The iron must first be exposed to air or another form of an oxidizing agent. Aeration is the most cost-effective method to oxidize ferrous iron for its removal from water. In many areas around the globe, municipal and industrial operations have the need to remove naturally occurring iron (Fe) from the water to both prevent damage to other equipment as well as to improve water quality. To remove iron from the water it first must be oxidized using the most widely accepted and cost-effective method called aeration. The aeration process changes the iron from its Ferrous (Fe+2) state (soluble) to ferric (Fe+3) colloidal participation. Did you know that Iron occurs naturally and is found in the earth’s crust? It occurs in both groundwater as well as surface waters and is not known to cause any harmful effects on humans or animals.

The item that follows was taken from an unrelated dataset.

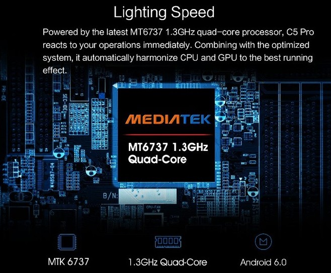 Oukitel C5 Pro , 5' IPS экран, 4 ядерный процессор 1,3 GHz, оперативная память 2GB, ROM 16Gb, Android 6.0, 2 SIM-карты

Iron does cause problems though for municipal facilities and their customers by impacting laundry operations, causing stains on buildings, on plumbing fixtures. Iron also promotes and facilitates the growth of iron bacteria in water which creates a problem for distribution lines and piping systems. Once the lines become blocked this impacts the ability to distribute water to the customer. The presence of iron bacteria also becomes detectible even at low concentrations and impacts the taste of the water. The U.S Public Health Service Drinking Water Standard set a recommended maximum level of 0.3 mg/L in public water supplies.

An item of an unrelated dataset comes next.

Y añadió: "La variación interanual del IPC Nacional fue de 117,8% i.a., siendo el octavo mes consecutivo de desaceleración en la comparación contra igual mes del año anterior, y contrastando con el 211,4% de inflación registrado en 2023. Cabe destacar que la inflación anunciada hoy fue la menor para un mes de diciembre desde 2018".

The basics of water decarbonation

and the removal of carbon dioxide (CO2). The need to remove (CO2) is essential in most Aquaculture, Municipal, Industrial, and Food & Beverage Processes To understand you must familiarize yourself with Henry’s Law.

Henry's Law defines the method and proportional relationship between the amount of a gas in a solution in relation to the gas's partial pressure in the atmosphere. Often you will see and hear various terms like degasification, decarbonation, aeration, and even air stripping when discussing the removal of dissolved gases and other convertible elements from water. Understanding the impacts that Carbon Dioxide (CO2) can have on both equipment and aquatic life provides the basic reasons why the need to decarbonate water, exists. Carbon Dioxide (CO2) can exist naturally in the raw water supply or be the result of ph control and balance. In either case, the process called Decarbonation or Degasification provides the most cost-effective and efficient manner to reduce or tally remove (CO2) from the water. In addition to Carbon Dioxide (CO2), water can contain a variety of other contaminants that may impact the removal efficiency of the Carbon Dioxide. A variety of elements as well as dissolved gases such as oxygen, nitrogen, and carbon dioxide (CO2). A full analytical review of the water chemistry is required to properly design and size the “Water Treatment” process.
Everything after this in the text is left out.